The justices on Monday appeared unpersuaded by the breadth of the
government's argument, wondering why its interpretation of the
statute might not make a criminal out of someone who walked across
the border with a few dollars tucked into a shoe.
"I don't know why they call this statute 'Laundering of Monetary
Instruments,' " Justice Stephen G. Breyer, referring to the set of
provisions at issue. "Why didn't they call it 'shoe hiding'?"
And Justice Ruth Bader Ginsburg observed, "On the government's
theory, anyone who transports hidden money to get it out of the
country, who drives the car, just the driver, is a money launderer."

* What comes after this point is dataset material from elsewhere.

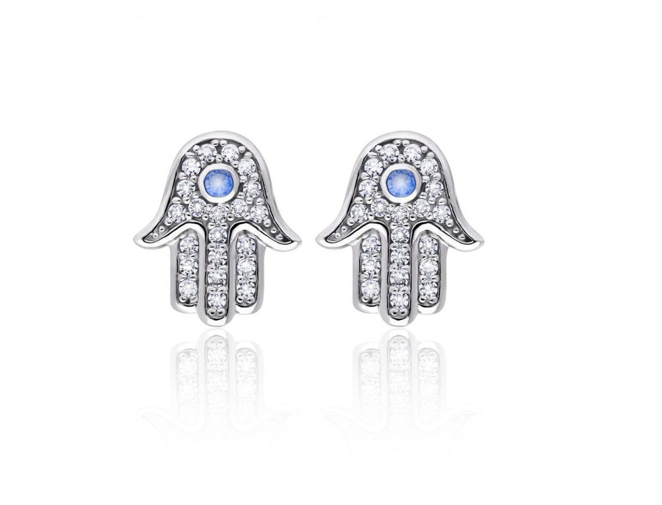 עגילי חמסה משובצת זירקון כחול משובצים זירקונים מכסף 925 טהור לאישה. חצי שנה אחריות. האתר המוביל בארץ למכירת תכשיטי כסף 925 | משלוח חינם בכל רכישה לכל הארץ !
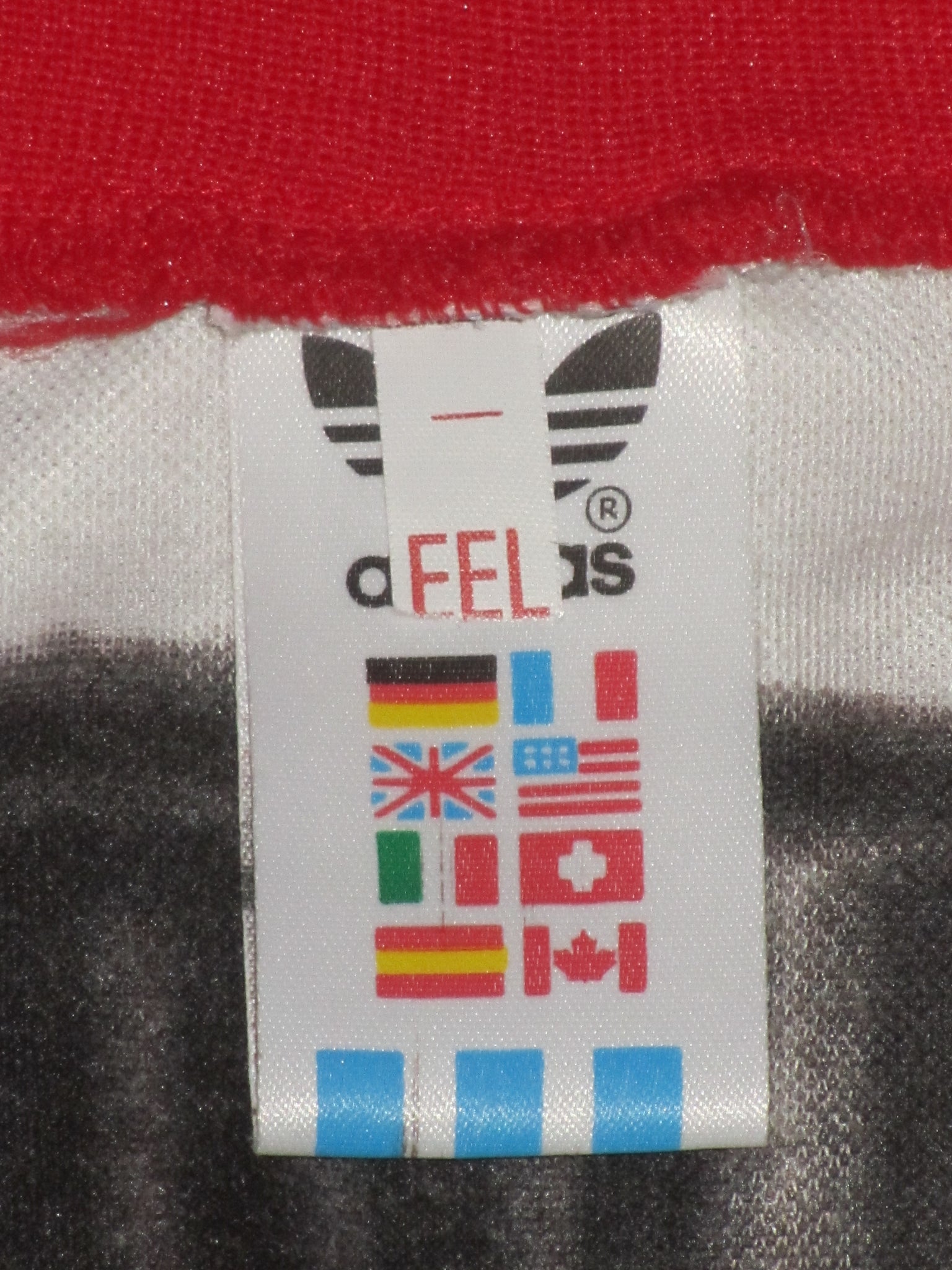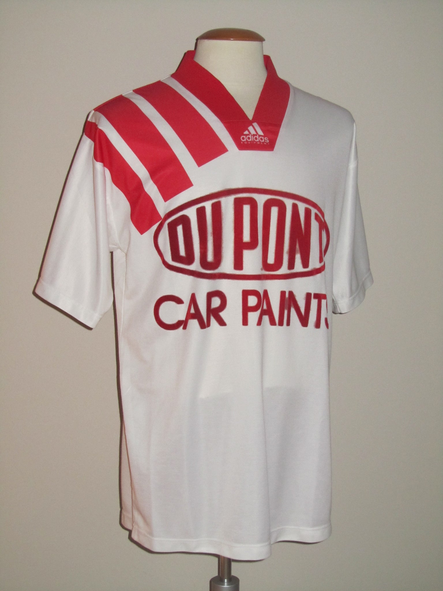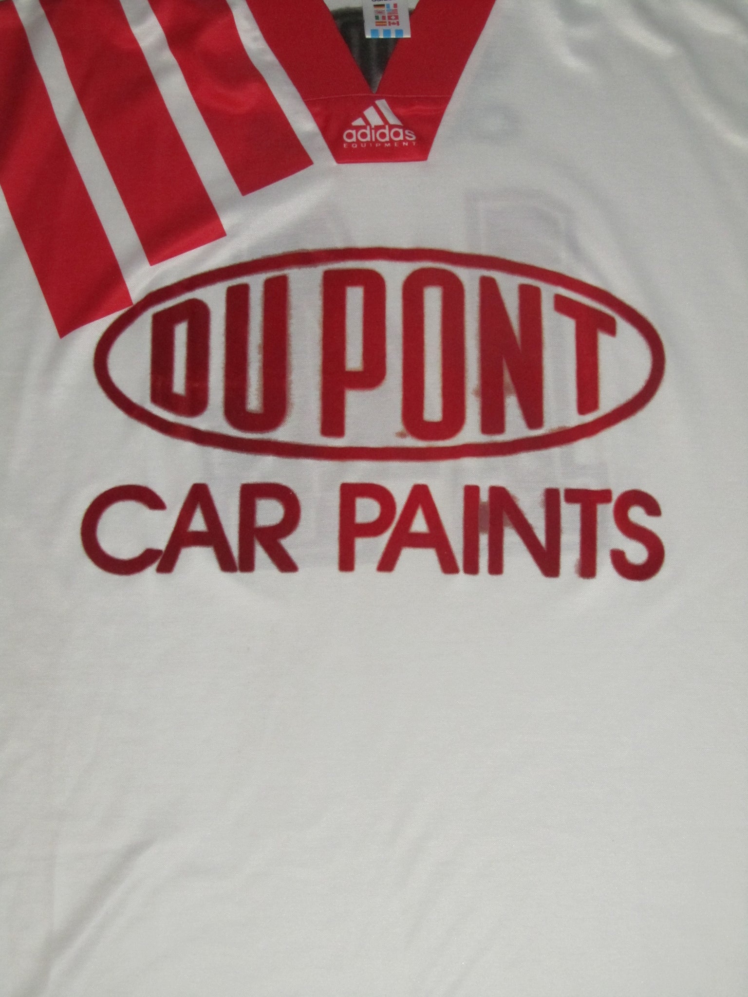 Het shirt heeft enkele zeer kleine vlekjes. De sponsor vermeldingen en de rugnummer zijn velourse heat pressed flockages, waarvan de kleur is "uitgelopen" in het shirt.

An assistant to the solicitor general, Lisa H. Schertler, replied,
"No matter how you see it, this was precisely the conduct that
Congress was getting at."
The law makes it a crime to take the proceeds of "some form of
unlawful activity" out of the country while concealing or disguising
any of five of the proceeds' "attributes." These are the money's
"nature," location, source, ownership or control.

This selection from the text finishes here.